HOW TO COMPLETE THIS TASK -
Only the text of the records below belongs in the answer, copied exactly, with pictures omitted.

Records excerpted from a collection -
-- Opening Marker --

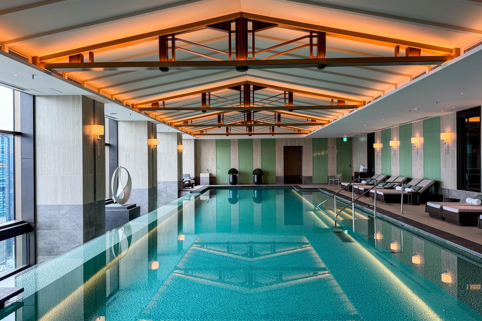 The hotel was designed by André Fu, and its focal point is its spectacular all-day bar and restaurant, Peacock Alley, which has soaring ceilings and dramatic chandeliers, all overlooking the surrounding skyline through enormous windows. The reception area, meanwhile, was inspired by traditional wooden Japanese lanterns and has a stunning black stone reflecting pool strewn with Setouchi boulders. The green, blue and gold palette of the guest rooms reflects Japan’s indelible land and seascapes, along with plenty of age-old Japanese crafts like kumiko screens and washi wallpaper. While here, be sure to sit down to a dinner of sizzling seasonal specialties at the teppanyaki restaurant Tsukimi, and book a La Prairie treatment at the spa.
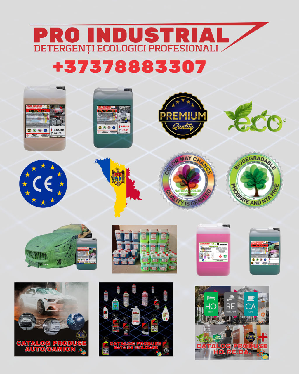 Detergenții profesionali spalatorie auto/camion/tir Автохимия www.proindustrial.md suntem o înterprindere specializată în producerea, detergenților chimici,profesionali ecologici sub marcă proprie de înaltă calitate destinate pentru spalarea AUTO HO.RE.CA. UZ CASNIC Modalități de plată Card (la livrare) Numerar (la livrare) Transfer (Plată cu card bancar online) Livrarea comenzilor în suma de la 500 lei în raza Chișinăului este gratis. La comanda pînă la suma 500 lei este contra cost - 50 lel. Livrarea comenzilor în suma de la 1000 lei în Moldova este gratis. Info@proindustrial.md 078883307 www.proindustrial.md
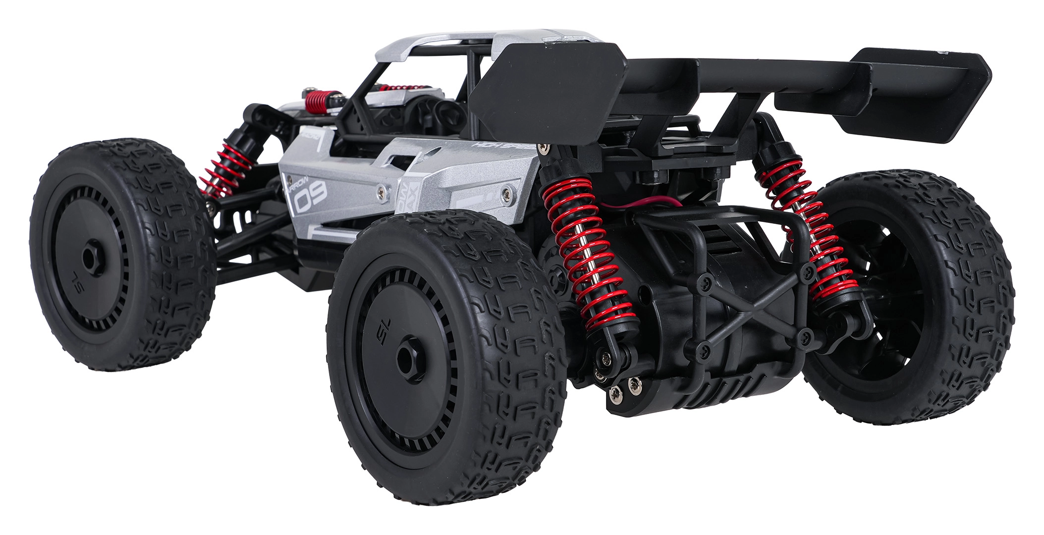 Vďaka frekvencii 2,4 GHz nedochádza k rušeniu, takže môžete jazdiť súčasne s ďalšími modelmi. Variabilné riadenie a veľké gumové pneumatiky umožňujú presné manévre a istotu v zákrutách. V balení nájdete nabíjací akumulátor 7,4 V a USB kábel na pohodlné nabíjanie.
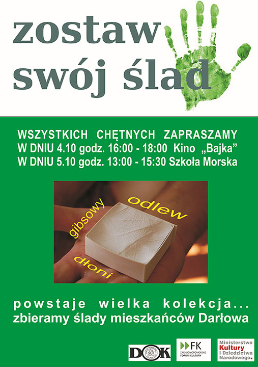 Wszystko w ramach Zachodniopomorskiego Forum Kultury,  w którym bierze udział darłowska placówka. Specjalne odlewy gipsowe, na których mają zostać zachowane odciski mieszkańców Darłowa, złożone zostaną w specjalnej skrzyni. Następnie efekt pracy zaprezentowany zostanie w 12 miejscowościach, które również biorą  udział w projekcie.
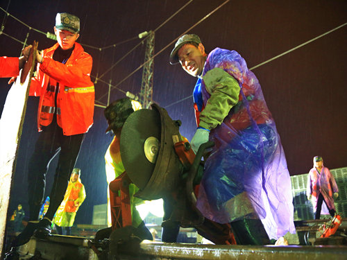 時間一分一秒的劃過,緊張忙碌地施工仍在進(jìn)行,雨水浸濕了雨衣,打透了工裝,貼在身上讓人瑟瑟發(fā)抖,但在那刻,“鐵軍”們似乎忘卻了一切,依舊全身心地投入在作業(yè)當(dāng)中。
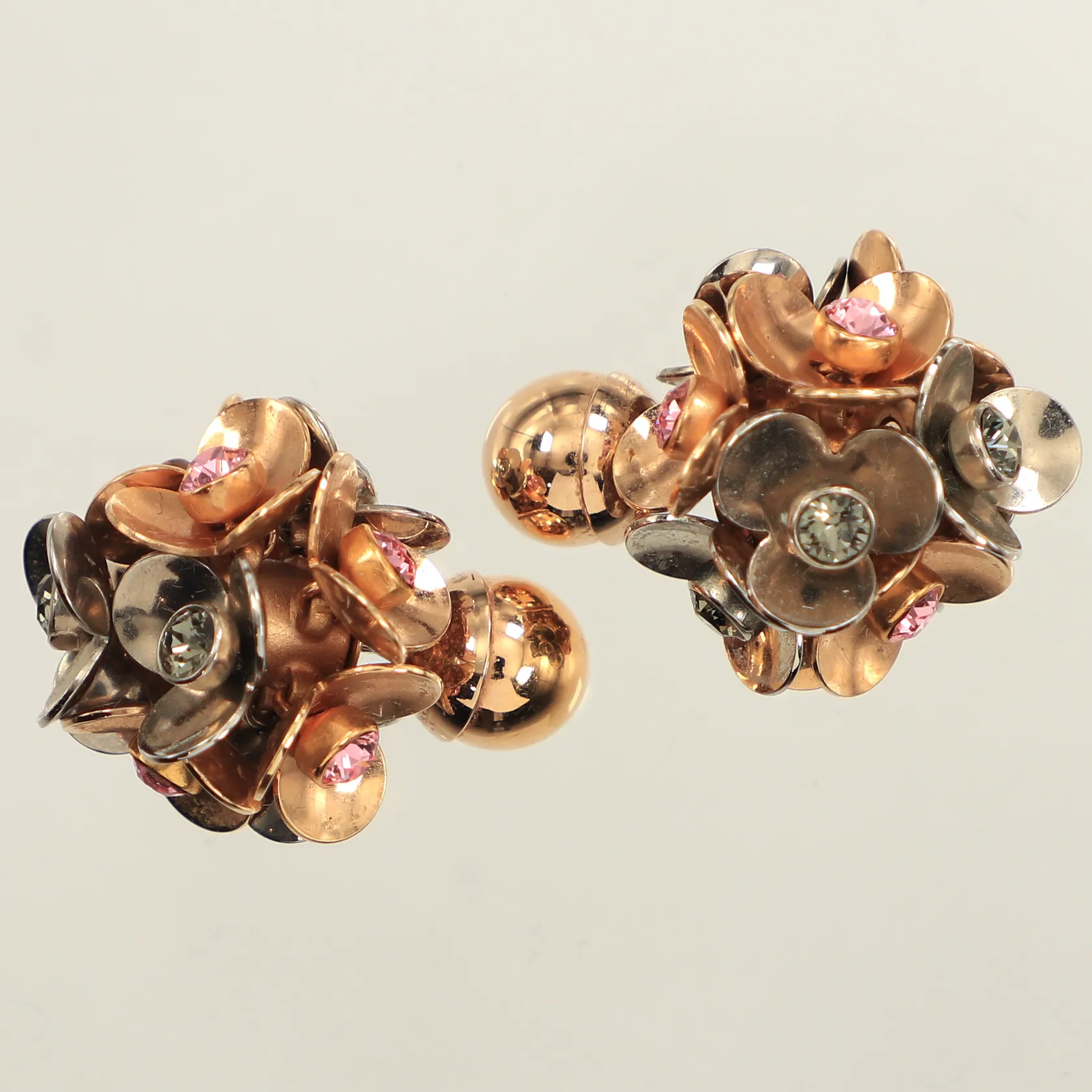 Ett par örhängen Dior, Tribale Crystal Two Tone Flower Stud Earrings, bredd ca 17mm, gulmetall, dustbag, kartong.
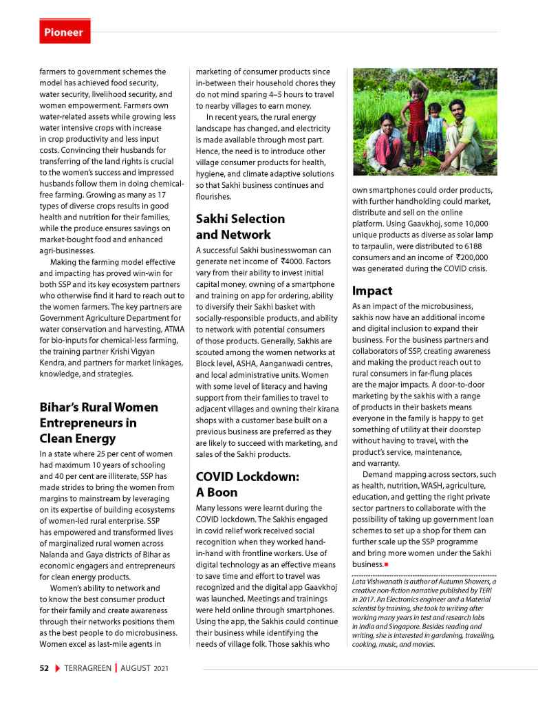 In recent years, the rural energy landscape has changed, and electricity is made available through most part. Hence the need is to introduce other village consumer products for health, hygiene, and climate adaptive solutions so that Sakhi business continues and flourishes.

-- Closing Marker --

EXERCISE ANSWER -
 The hotel was designed by André Fu, and its focal point is its spectacular all-day bar and restaurant, Peacock Alley, which has soaring ceilings and dramatic chandeliers, all overlooking the surrounding skyline through enormous windows. The reception area, meanwhile, was inspired by traditional wooden Japanese lanterns and has a stunning black stone reflecting pool strewn with Setouchi boulders. The green, blue and gold palette of the guest rooms reflects Japan’s indelible land and seascapes, along with plenty of age-old Japanese crafts like kumiko screens and washi wallpaper. While here, be sure to sit down to a dinner of sizzling seasonal specialties at the teppanyaki restaurant Tsukimi, and book a La Prairie treatment at the spa.
 Detergenții profesionali spalatorie auto/camion/tir Автохимия www.proindustrial.md suntem o înterprindere specializată în producerea, detergenților chimici,profesionali ecologici sub marcă proprie de înaltă calitate destinate pentru spalarea AUTO HO.RE.CA. UZ CASNIC Modalități de plată Card (la livrare) Numerar (la livrare) Transfer (Plată cu card bancar online) Livrarea comenzilor în suma de la 500 lei în raza Chișinăului este gratis. La comanda pînă la suma 500 lei este contra cost - 50 lel. Livrarea comenzilor în suma de la 1000 lei în Moldova este gratis. Info@proindustrial.md 078883307 www.proindustrial.md
 Vďaka frekvencii 2,4 GHz nedochádza k rušeniu, takže môžete jazdiť súčasne s ďalšími modelmi. Variabilné riadenie a veľké gumové pneumatiky umožňujú presné manévre a istotu v zákrutách. V balení nájdete nabíjací akumulátor 7,4 V a USB kábel na pohodlné nabíjanie.
 Wszystko w ramach Zachodniopomorskiego Forum Kultury,  w którym bierze udział darłowska placówka. Specjalne odlewy gipsowe, na których mają zostać zachowane odciski mieszkańców Darłowa, złożone zostaną w specjalnej skrzyni. Następnie efekt pracy zaprezentowany zostanie w 12 miejscowościach, które również biorą  udział w projekcie.
 時間一分一秒的劃過,緊張忙碌地施工仍在進(jìn)行,雨水浸濕了雨衣,打透了工裝,貼在身上讓人瑟瑟發(fā)抖,但在那刻,“鐵軍”們似乎忘卻了一切,依舊全身心地投入在作業(yè)當(dāng)中。
 Ett par örhängen Dior, Tribale Crystal Two Tone Flower Stud Earrings, bredd ca 17mm, gulmetall, dustbag, kartong.
 In recent years, the rural energy landscape has changed, and electricity is made available through most part. Hence the need is to introduce other village consumer products for health, hygiene, and climate adaptive solutions so that Sakhi business continues and flourishes.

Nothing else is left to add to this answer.